To solve the problem, we will follow these steps: ### Step 1: Identify the given data We have the following information: - Mass \( m_1 = 0.02 \, \text{kg} \) produces an extension \( y = 0.02 \, \text{m} \). - New mass \( m_2 = 0.1 \, \text{kg} \) is suspended from the spring. ### Step 2: Calculate the spring constant \( k \) The extension produced by a mass hanging from a spring is given by Hooke's Law: \[ F = k \cdot x \] where \( F \) is the force applied (weight of the mass), \( k \) is the spring constant, and \( x \) is the extension of the spring.
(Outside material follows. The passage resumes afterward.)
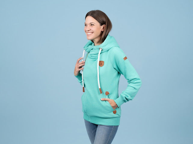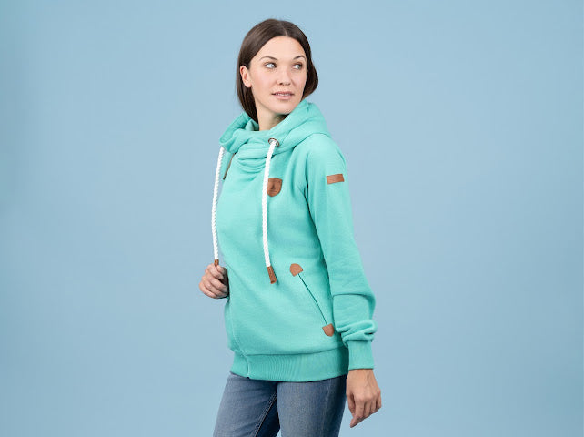These hoodies! Thick and amazingly soft! Athena styles have a hood with a full asymmetrical zipper.

The force due to the weight \( m_1 \) is: \[ F = m_1 \cdot g = 0.02 \, \text{kg} \cdot 9.8 \, \text{m/s}^2 = 0.196 \, \text{N} \] Now, using the extension \( y = 0.02 \, \text{m} \): \[ k = \frac{F}{y} = \frac{0.196 \, \text{N}}{0.02 \, \text{m}} = 9.8 \, \text{N/m} \] ### Step 3: Calculate the period of oscillation for the new mass The formula for the period of oscillation \( T \) of a mass \( m \) attached to a spring with spring constant \( k \) is given by: \[ T = 2\pi \sqrt{\frac{m}{k}} \] Substituting \( m_2 = 0.1 \, \text{kg} \) and \( k = 9.8 \, \text{N/m} \): \[ T = 2\pi \sqrt{\frac{0.1 \, \text{kg}}{9.8 \, \text{N/m}}} \] Calculating the square root: \[ \sqrt{\frac{0.1}{9.8}} \approx \sqrt{0.010204} \approx 0.101 \, \text{s} \] Now substituting this value back into the period formula: \[ T \approx 2\pi \cdot 0.101 \approx 0.634 \, \text{s} \] ### Final Answer The period of oscillation \( T \) is approximately \( 0.63 \, \text{s} \). ---